また、図4に示した台形歪み補正用の操作ボタン78,79は、台形歪み補正を手動で調整するものであり、例えば投写角度に基づいて自動で行われる台形歪み補正で得られた投写画面に歪みが残っている場合に、台形歪み補正の微調整を行うことができる。
図12は、壁面上向き投写、天井面投写、壁面下向き投写、および床面投写での画面の状況を示す図である。図7に示した壁面上向き投写では、壁面101までの距離が投写画面の上辺側で大きくなる。また、図10に示した床面投写でも、壁面上向き投写と同様に、床面103までの距離が投写画面の上辺側で大きくなる。このため、壁面上向き投写および床面投写の場合に、図12(A−1)に示す矩形の出力画面をそのまま壁面101および床面103に投写すると、図12(B−1)に示すように、壁面101および床面103上の投写画面は、上辺が下辺より大きくなった台形状に表示される。
ここで、図11に示した補正係数を用いて台形歪み補正を行うと、壁面上向き投写および床面投写の場合には補正係数がプラスとなるため、画面の上辺側を圧縮する補正が行われ、図12(C−1)に示すように、補正済みの出力画面は、上辺が下辺より小さくなった台形状をなし、これを壁面101および床面103に投写すると、図12(D−1)に示すように、上辺と下辺とが同一長さの歪みのない矩形の画面が表示される。
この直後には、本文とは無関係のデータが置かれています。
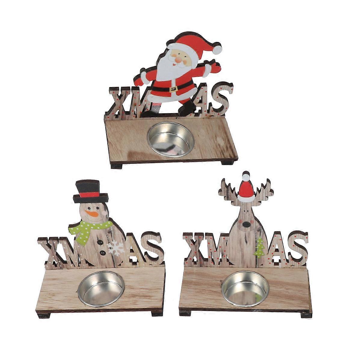 Candlestick for Dining Table Wooden Candle Holder Christmas 6Pcs Cartoon
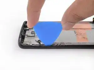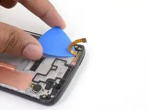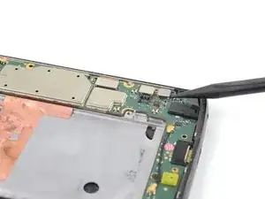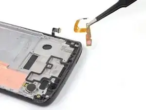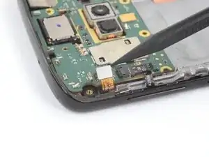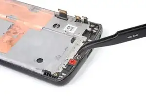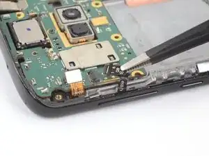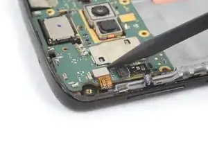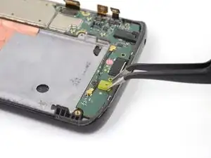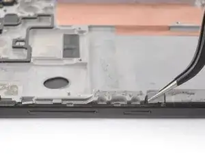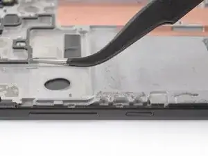 Используйте пинцет, чтобы аккуратно вытащить плату кнопок громкости и питания из её посадочного места. Если её трудно извлечь, убедитесь, что вы разрезали весь клей.
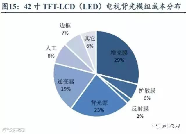 光学膜是背光模组的核心元件,在背光模组成本中占比最高。背光模组的光学膜片常见架构中,通常由1张反射膜+1张下扩散膜+2张增亮膜+1张上扩散膜组成, 光学膜片是背光模组中成本占比最高的组成。以42寸TFT-LCD(LED)面板为例,光学膜占背光模组成本的37%左右,占液晶模组总成本的17%左右。其中,反射膜、扩散膜、增亮膜所占成本比例分别为2%、6%和29%,增亮膜是最关键的组成部分。
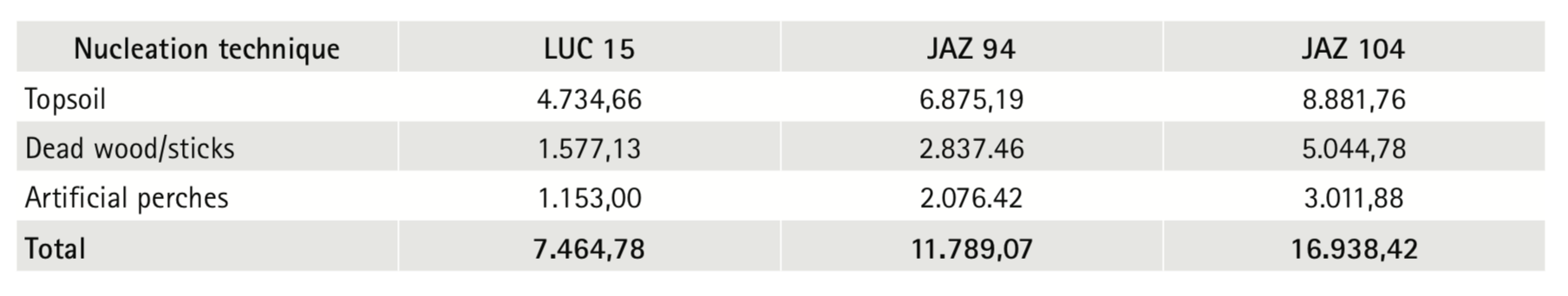 The costs of these new ideas have no influence on the increase of nucleation techniques values. The costs would be concentrated on activities achieved through an economic analysis conducted in this study to topsoil, dead wood/sticks and artificial perches nucleation techniques.
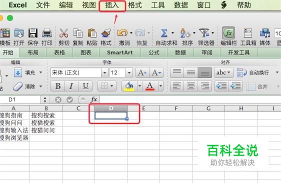 点击选中D1单元格,点击菜单栏上的‘插入’,
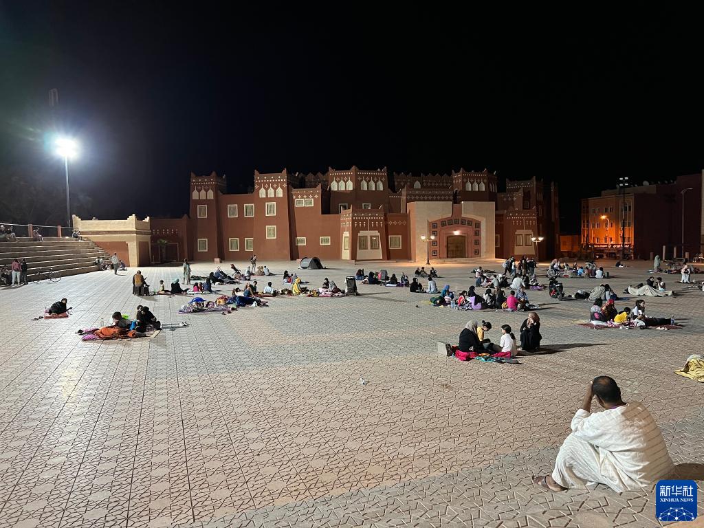 9月9日凌晨,在距離震中200多公里的摩洛哥瓦爾扎扎特市,居民在市區的空地避險(手機照片)。

一方、図8に示した天井面投写では、天井面102までの距離が投写画面の下辺側で大きくなる。また、図9に示した壁面下向き投写でも、天井面投写の場合と同様に、壁面101までの距離が投写画面の下辺側で大きくなる。このため、天井面投写および壁面下向き投写の場合に、図12(A−2)に示す矩形の出力画面を天井面102および壁面101に投写すると、図12(B−2)に示すように、天井面102および壁面101上の投写画面は、下辺が上辺より大きくなった台形状に表示される。
ここで、図11に示した補正係数を用いて台形歪み補正を行うと、天井面投写および壁面下向き投写の場合には補正係数がマイナスとなるため、画面の下辺側を圧縮する補正が行われ、図12(C−2)に示すように、補正済みの出力画面は、下辺が上辺より小さくなった台形状をなし、これを天井面102および壁面101に投写すると、図12(D−2)に示すように、上辺と下辺とが同一長さの歪みのない矩形の画面が表示される。
図13は、天井面投写の場合に画面を反転表示させる例を示す斜視図である。図8に示した天井面投写の場合に台形歪み補正のみを行うと、天井面102に図13(A)に示すように画面が表示されるが、天井面102を下から見上げるユーザと画面との位置関係によっては画面が逆向きに見える場合があり、この場合、図13(B)に示すように画面を反転表示させた方が見やすくなる。また、図10に示した床面投写の場合も同様に、画面を反転表示させた方が見やすくなる場合がある。
そこでここでは、画面補正部96において、加速度センサ95の出力値が示す投写角度に基づいて天井面投写および床面投写と判別されると、画面の台形歪みを補正するとともに画面の上下を反転させる処理を行うようにしている。
図14は、画面を反転表示させる場合の投写角度と補正係数の関係を示す図である。天井面投写および床面投写で画面を反転表示させる場合、上辺と下辺との位置関係が逆になる。このため、台形歪み補正では、図11に示した例とは逆の補正が行われ、具体的には、天井面投写の場合、補正係数がプラスとなり、画面の上辺側を圧縮する補正が行われ、一方、床面投写の場合に、補正係数がマイナスとなり、画面の下辺側を圧縮する補正が行われる。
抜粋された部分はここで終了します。